**Input material**

<<<<

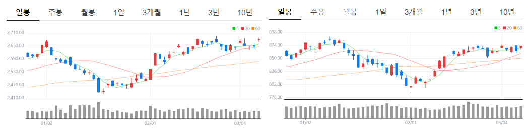 2024-03-08 금요일 코스피 & 코스닥 지수
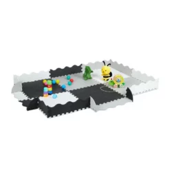 Große Puzzlematte für sicheres Spielen Mit der weichen Puzzlematte aus Schaumstoff haben Ihre Kinder eine bequeme, isolierende Unterlage zum Spielen und Toben. Die 30-teilige Kindermatte ist schnell aufgebaut, hält zuverlässig Bodenkälte fern und dämpft kleine Stürze. Dank der aufstellbaren Umrandung wird aus der Spielmatte für Kleinkinder schnell eine Krabbelmatte für Babys. Die umrandete Babymatte hält kleine Abenteurer sowie das Spielzeug-Chaos in Grenzen. Etwaige Verschmutzungen sind dank der wasserabweisenden Matten leicht abwischbar.
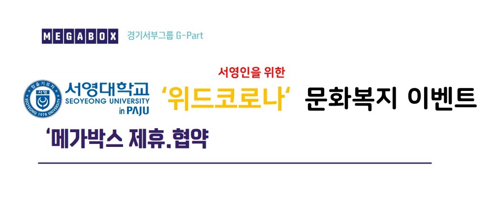 O. 우리 대학( 총장 김정수 )은 메가박스 영화관 (경기 서부그룹 )과 위드코로나 시대를 활기차게 준비하기 위한 이벤트를 제공한다.
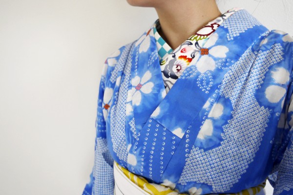 ちくちくお手入れした絞り風浴衣で。
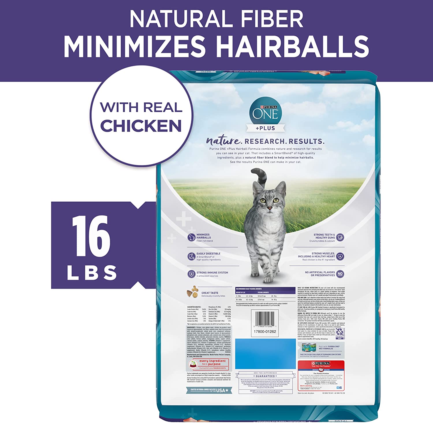 Purina ONE Hairball Control with Real Chicken High Fiber Natural Adult Dry Cat Food 16 Lb. Bag
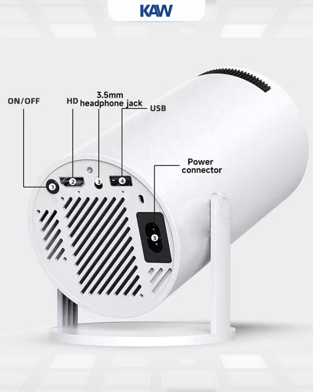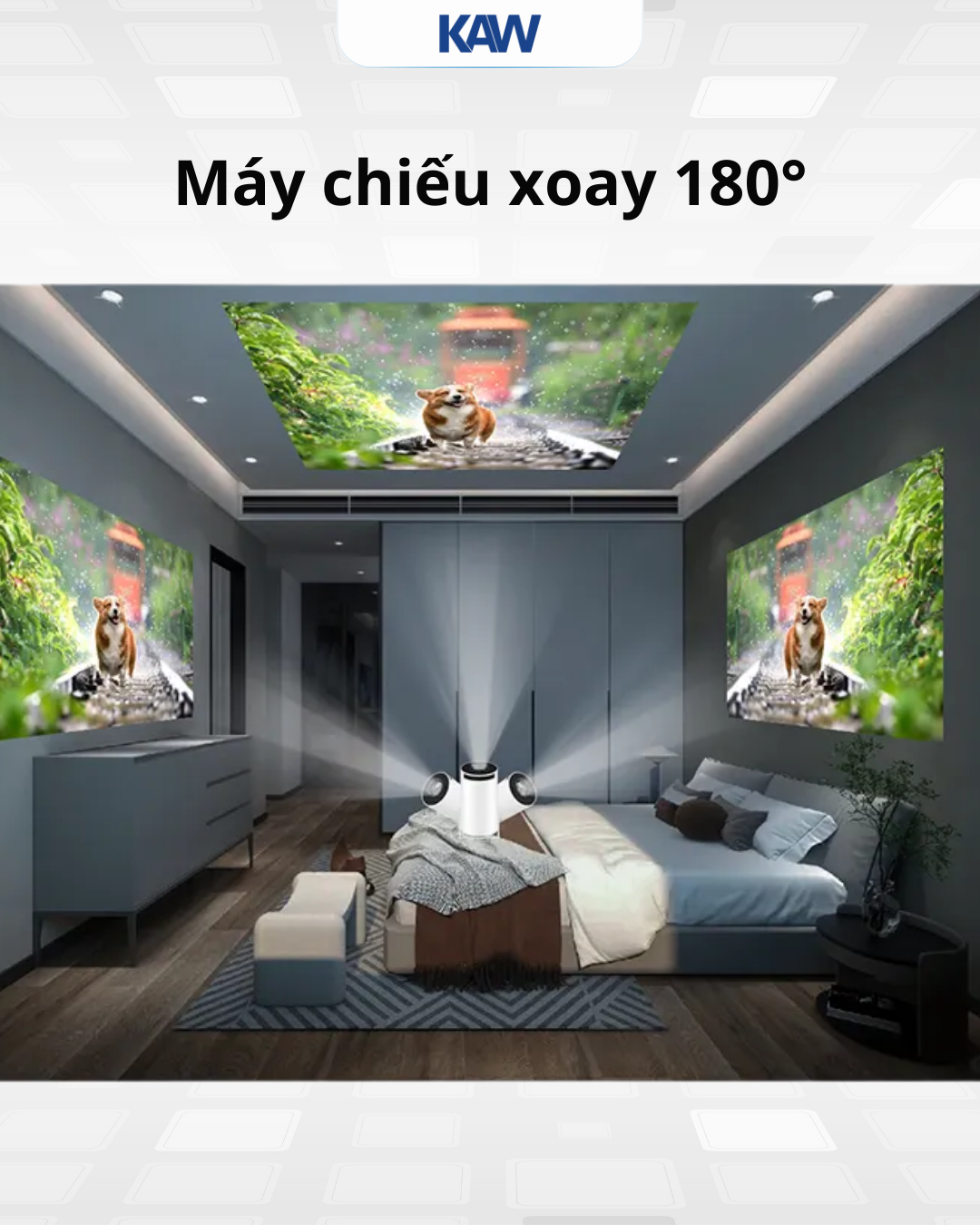 Máy Chiếu Mini KAW MC012 – 720P HD, Android 11, 160 ANSI, Bluetooth 5.0, Góc Chiếu 180°
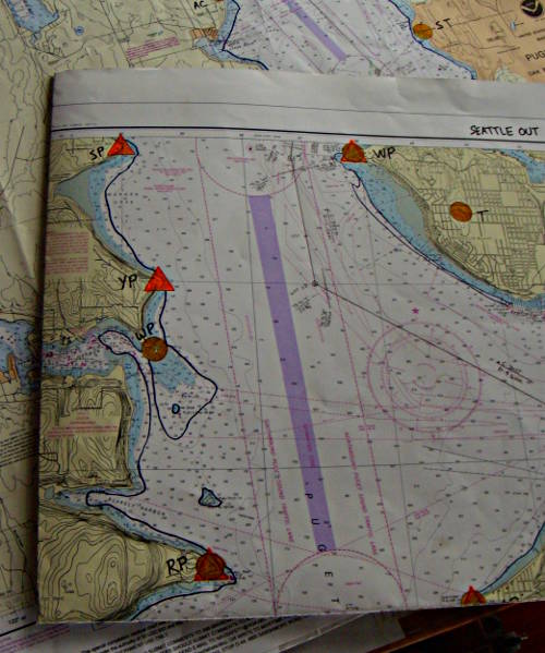 The paper charts had the Aids to Navigation highlighted so they could be easily found on the chart. There was also a heavy black line around the edge of the water marking where the Healy should not go.
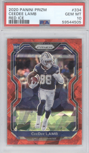 2020 Panini Prizm Football Ceedee Lamb #334 Red Ice Prizm RC PSA 10
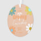 Groovy Nurse Coworker Fun Personalised Christmas Ornament. It has a cool design with a orange pastel peach background and daisy flowers in colours of teal blue, yellow and white. A white medical caduceus symbol is on upper centre. The text is "groovy coworker" in thick curvy lettering mixed with trendy hand lettered script. Name and custom year is in matching orange simple font letters on lower centre. Your signature "from" name is across the bottom area. CLICK PERSONALIZE OPTION AND FOLLOW THE PROMPTS.
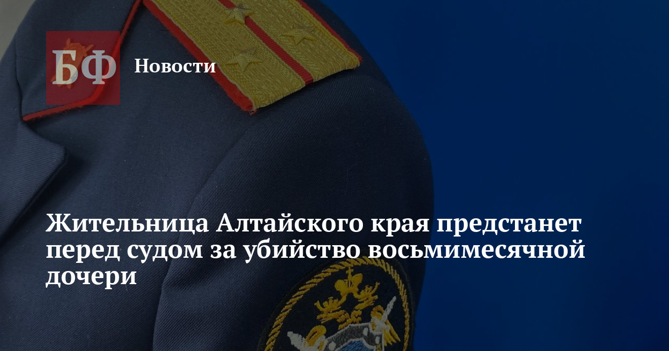 Следком завершил расследование дела жительницы Рубцовского района, которую обвиняют в убийстве своей восьмимесячной дочери. В ближайшее время она предстанет перед судом, сообщают пресс-службы СУ СКР по Алтайскому краю и региональной прокуратуры.
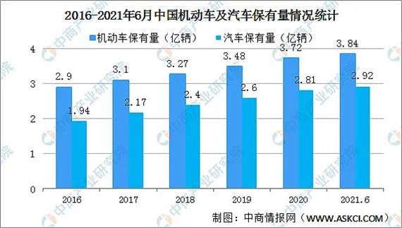 据公安部统计,截至2021年6月,全国机动车保有量达3.84亿辆,其中汽车2.92亿辆;全国有74个城市的汽车保有量超过100万辆,同比增加5个城市,33个城市超过200万辆,18个城市超过300万辆。
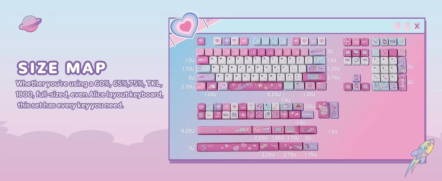 نقدم لكم مجموعة أغطية مفاتيح KiiBOOM x Elyxirine Digital Dreams: Pastel Y2K، وهي مجموعة نابضة بالحياة من 144 مفتاحًا مصممة للوحات المفاتيح 60%، 65%، 75%، TKL، والحجم الكامل. تعكس هذه المجموعة جوهر عصر Y2K بألوانها الباستيل الناعمة وزخارفها الكلاسيكية، وهي مثالية لعشاق جماليات أوائل الألفية الثانية.
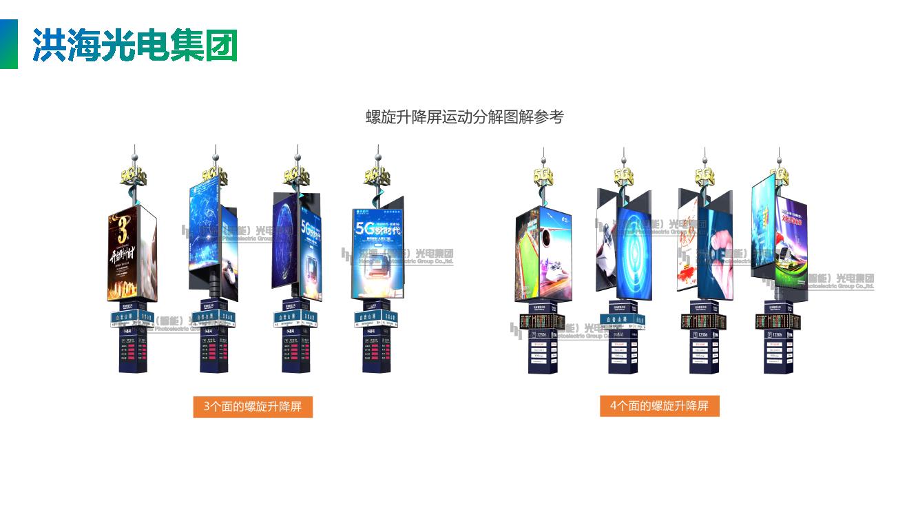 簡單來說就是由三個led顯示屏組成,每個顯示屏都可以獨立上下升降,也可以360度整體旋轉(zhuǎn)同時播放視頻動畫。和畫面互相配合,是集機械力學(xué)、工業(yè)編程和視頻編輯多種功能于一身的新型廣告媒體。
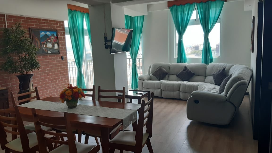 It's a very comfortable, spacious and nice place, right in the heart of Guatemala City. It has a great view because it's located in the 11th floor. You can find different restaurants, coffee shops, bakeries, shops and touristic places nearby. It has a queen bed, sofa bed, another huge sofa, bathroom with hot water, washer and dryer machine, dining room, a desk where you can work on your computer, Wi-Fi, NETFLIX, HBO and cable TV. There is an EcoFilter for water and a fan. IT INCLUDES PARKING.
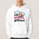 Este capuz fofo é o presente ideal para qualquer namorado ou namorada apaixonado. A legenda diz "Eu amo (coração) meu namorada LINDO" em fontes modernas cor-de-rosa-preto e escuro. Facilmente personalizável adicionando uma foto personalizada em um grande quadro azul em forma de coração.
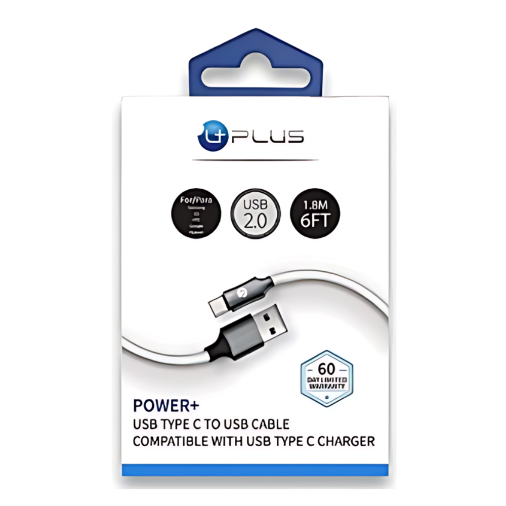 The Uplus Power+ USB Type C to USB Cable offers an efficient and stylish solution for connecting your USB Type-C devices. With a generous 6-foot length, this cable provides ample reach for comfortable device use while charging or transferring data. Its sleek white design enhances the aesthetic of your tech setup, while its robust build ensures reliable performance.
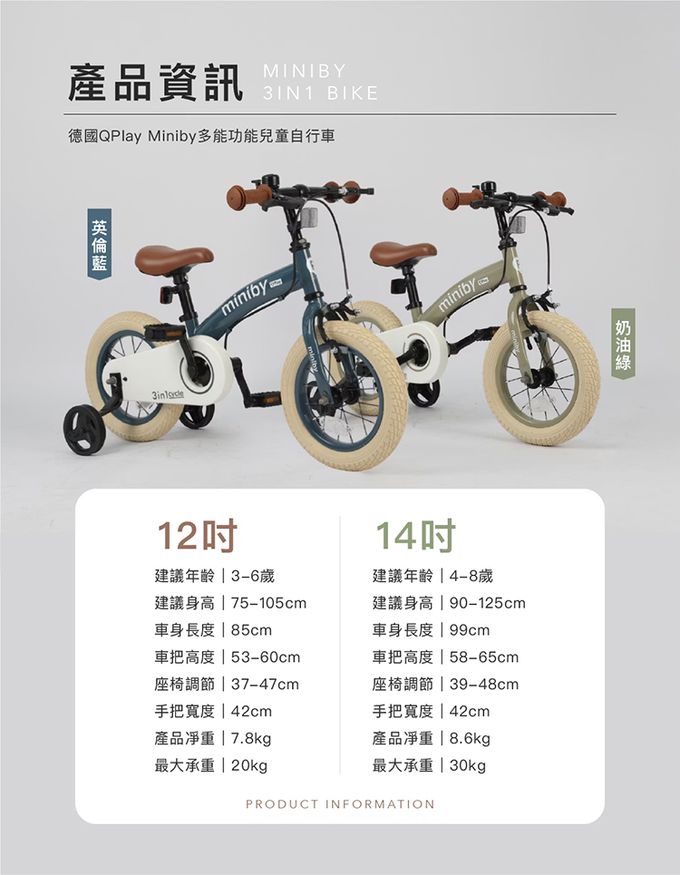 注意事項:【商品規格】 適用年齡:4-8歲 適用身高:約 90-125公分 最大承重:30公斤 主要材質:鐵、塑膠(PP、TPE) 商品尺寸:車身長約99cm;車把高度58-65公分;座椅高度39-48公分 產品淨重:約 8.6公斤 產地:中國 商品檢驗標識號:(I)C2-0486024 ~ (I)C2-0486423 【注意事項】 ● 請在成人監護下使用本產品。 ● 本產品不適用於4歲以下之兒童。 ● 使用前,請詳閱說明書,必需由成人組裝。 ● 使用本產品請穿載防護裝備如安全帽、護膝、護肘、鞋子等。 ● 使用前請確認各零件是否正確組裝,所有鎖定裝置必須鎖緊咬合。 ● 為避免嬰兒或兒童產生窒息之危險,請於拆卸後立即將此塑膠袋銷毀或遠離嬰兒及兒童。 ● 請勿自行更換零組件,以避免使用時發生危險,並依照使用說明書之建議,維護及保養零組件。 ● 本產品最大承重30公斤,請選擇適合乘騎者尺寸之兒童自行車,請勿進行雙人(以上)乘載,以免發生危險。 ● 請勿在公共道路上、易翻車場合、高低不平、樓梯、自動扶梯、水池、碎石路面、斜坡、坡道等危險場所使用。 ● 使用本產品前請先檢查自行車各部位,如座墊高度及手把豎桿有無鬆脫或超出安全準線,胎壓、煞車及其他零件是否鬆脫或損毀。
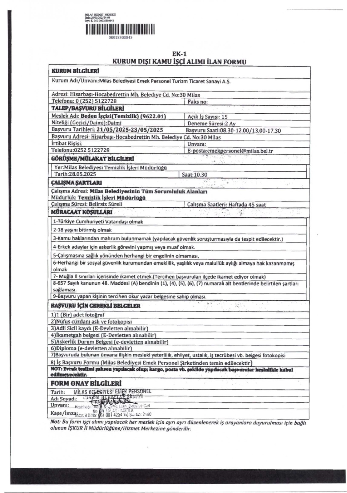 Detaylı bilgi için Milas Belediyesi Emek Personel Turizm Ticaret Sanayi A.Ş. ile iletişime geçilebilir.
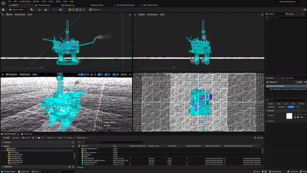 → Explore and Discover: Seeing the beauty in horror "Explore and Discover" is one of our game pillars, so in a typical Chinese Room fashion the first thing we wanted to try out was to find beauty in the horrific changes around you on the rig. We set the bar really high, and wanted to create an environment that feels real, scary, and weird. Epic's Unreal Engine 5 is the perfect choice for this. We want to give the players the best experience on both desktop PCs and consoles. It is a powerful modern rendering engine that allows us to be creative. With Lumen and Nanite we can now explore real-time lighting and give fine detail in our scenes." And of course, the rig is located in the North Sea, so we need to have stormy weather - rain, wind, rough seas, mist, gusts - Niagara (Unreal Engine's next-generation VFX system) allows us to plenty of freedom in this area. We also used ControlRig (the scriptable rigging system) extensively for procedural animations - but more on this later."
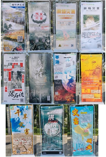 10月13日9点至13点,同学们制作的十一张不同主题的海报在信息学部图书馆门口展出,其中海报主题涵盖了我国灾害情况总体介绍、气象灾害(台风、热浪寒潮、沙尘暴)介绍、水文灾害(干旱、洪涝)介绍、地质灾害(泥石流、滑坡、崩塌、地震)介绍,以及灾害相关研究介绍,信息全面具体,内容丰富,设计切题且富有创意,整体排列整齐,大气瞩目,吸引了许多路过的学生和居民驻足,获得了一致好评,取得了良好效果。

>>>>

**What you are asked to do**
Pictures must not appear in the copy, which must otherwise match the listing exactly.

**Answer**
 2024-03-08 금요일 코스피 & 코스닥 지수
 Große Puzzlematte für sicheres Spielen Mit der weichen Puzzlematte aus Schaumstoff haben Ihre Kinder eine bequeme, isolierende Unterlage zum Spielen und Toben. Die 30-teilige Kindermatte ist schnell aufgebaut, hält zuverlässig Bodenkälte fern und dämpft kleine Stürze. Dank der aufstellbaren Umrandung wird aus der Spielmatte für Kleinkinder schnell eine Krabbelmatte für Babys. Die umrandete Babymatte hält kleine Abenteurer sowie das Spielzeug-Chaos in Grenzen. Etwaige Verschmutzungen sind dank der wasserabweisenden Matten leicht abwischbar.
 O. 우리 대학( 총장 김정수 )은 메가박스 영화관 (경기 서부그룹 )과 위드코로나 시대를 활기차게 준비하기 위한 이벤트를 제공한다.
 ちくちくお手入れした絞り風浴衣で。
 Purina ONE Hairball Control with Real Chicken High Fiber Natural Adult Dry Cat Food 16 Lb. Bag
 Máy Chiếu Mini KAW MC012 – 720P HD, Android 11, 160 ANSI, Bluetooth 5.0, Góc Chiếu 180°
 The paper charts had the Aids to Navigation highlighted so they could be easily found on the chart. There was also a heavy black line around the edge of the water marking where the Healy should not go.
 2020 Panini Prizm Football Ceedee Lamb #334 Red Ice Prizm RC PSA 10
 Groovy Nurse Coworker Fun Personalised Christmas Ornament. It has a cool design with a orange pastel peach background and daisy flowers in colours of teal blue, yellow and white. A white medical caduceus symbol is on upper centre. The text is "groovy coworker" in thick curvy lettering mixed with trendy hand lettered script. Name and custom year is in matching orange simple font letters on lower centre. Your signature "from" name is across the bottom area. CLICK PERSONALIZE OPTION AND FOLLOW THE PROMPTS.
 Следком завершил расследование дела жительницы Рубцовского района, которую обвиняют в убийстве своей восьмимесячной дочери. В ближайшее время она предстанет перед судом, сообщают пресс-службы СУ СКР по Алтайскому краю и региональной прокуратуры.
 据公安部统计,截至2021年6月,全国机动车保有量达3.84亿辆,其中汽车2.92亿辆;全国有74个城市的汽车保有量超过100万辆,同比增加5个城市,33个城市超过200万辆,18个城市超过300万辆。
 نقدم لكم مجموعة أغطية مفاتيح KiiBOOM x Elyxirine Digital Dreams: Pastel Y2K، وهي مجموعة نابضة بالحياة من 144 مفتاحًا مصممة للوحات المفاتيح 60%، 65%، 75%، TKL، والحجم الكامل. تعكس هذه المجموعة جوهر عصر Y2K بألوانها الباستيل الناعمة وزخارفها الكلاسيكية، وهي مثالية لعشاق جماليات أوائل الألفية الثانية.
 簡單來說就是由三個led顯示屏組成,每個顯示屏都可以獨立上下升降,也可以360度整體旋轉(zhuǎn)同時播放視頻動畫。和畫面互相配合,是集機械力學(xué)、工業(yè)編程和視頻編輯多種功能于一身的新型廣告媒體。
 It's a very comfortable, spacious and nice place, right in the heart of Guatemala City. It has a great view because it's located in the 11th floor. You can find different restaurants, coffee shops, bakeries, shops and touristic places nearby. It has a queen bed, sofa bed, another huge sofa, bathroom with hot water, washer and dryer machine, dining room, a desk where you can work on your computer, Wi-Fi, NETFLIX, HBO and cable TV. There is an EcoFilter for water and a fan. IT INCLUDES PARKING.
 Este capuz fofo é o presente ideal para qualquer namorado ou namorada apaixonado. A legenda diz "Eu amo (coração) meu namorada LINDO" em fontes modernas cor-de-rosa-preto e escuro. Facilmente personalizável adicionando uma foto personalizada em um grande quadro azul em forma de coração.
 The Uplus Power+ USB Type C to USB Cable offers an efficient and stylish solution for connecting your USB Type-C devices. With a generous 6-foot length, this cable provides ample reach for comfortable device use while charging or transferring data. Its sleek white design enhances the aesthetic of your tech setup, while its robust build ensures reliable performance.
 注意事項:【商品規格】 適用年齡:4-8歲 適用身高:約 90-125公分 最大承重:30公斤 主要材質:鐵、塑膠(PP、TPE) 商品尺寸:車身長約99cm;車把高度58-65公分;座椅高度39-48公分 產品淨重:約 8.6公斤 產地:中國 商品檢驗標識號:(I)C2-0486024 ~ (I)C2-0486423 【注意事項】 ● 請在成人監護下使用本產品。 ● 本產品不適用於4歲以下之兒童。 ● 使用前,請詳閱說明書,必需由成人組裝。 ● 使用本產品請穿載防護裝備如安全帽、護膝、護肘、鞋子等。 ● 使用前請確認各零件是否正確組裝,所有鎖定裝置必須鎖緊咬合。 ● 為避免嬰兒或兒童產生窒息之危險,請於拆卸後立即將此塑膠袋銷毀或遠離嬰兒及兒童。 ● 請勿自行更換零組件,以避免使用時發生危險,並依照使用說明書之建議,維護及保養零組件。 ● 本產品最大承重30公斤,請選擇適合乘騎者尺寸之兒童自行車,請勿進行雙人(以上)乘載,以免發生危險。 ● 請勿在公共道路上、易翻車場合、高低不平、樓梯、自動扶梯、水池、碎石路面、斜坡、坡道等危險場所使用。 ● 使用本產品前請先檢查自行車各部位,如座墊高度及手把豎桿有無鬆脫或超出安全準線,胎壓、煞車及其他零件是否鬆脫或損毀。
 Detaylı bilgi için Milas Belediyesi Emek Personel Turizm Ticaret Sanayi A.Ş. ile iletişime geçilebilir.
 → Explore and Discover: Seeing the beauty in horror "Explore and Discover" is one of our game pillars, so in a typical Chinese Room fashion the first thing we wanted to try out was to find beauty in the horrific changes around you on the rig. We set the bar really high, and wanted to create an environment that feels real, scary, and weird. Epic's Unreal Engine 5 is the perfect choice for this. We want to give the players the best experience on both desktop PCs and consoles. It is a powerful modern rendering engine that allows us to be creative. With Lumen and Nanite we can now explore real-time lighting and give fine detail in our scenes." And of course, the rig is located in the North Sea, so we need to have stormy weather - rain, wind, rough seas, mist, gusts - Niagara (Unreal Engine's next-generation VFX system) allows us to plenty of freedom in this area. We also used ControlRig (the scriptable rigging system) extensively for procedural animations - but more on this later."
 10月13日9点至13点,同学们制作的十一张不同主题的海报在信息学部图书馆门口展出,其中海报主题涵盖了我国灾害情况总体介绍、气象灾害(台风、热浪寒潮、沙尘暴)介绍、水文灾害(干旱、洪涝)介绍、地质灾害(泥石流、滑坡、崩塌、地震)介绍,以及灾害相关研究介绍,信息全面具体,内容丰富,设计切题且富有创意,整体排列整齐,大气瞩目,吸引了许多路过的学生和居民驻足,获得了一致好评,取得了良好效果。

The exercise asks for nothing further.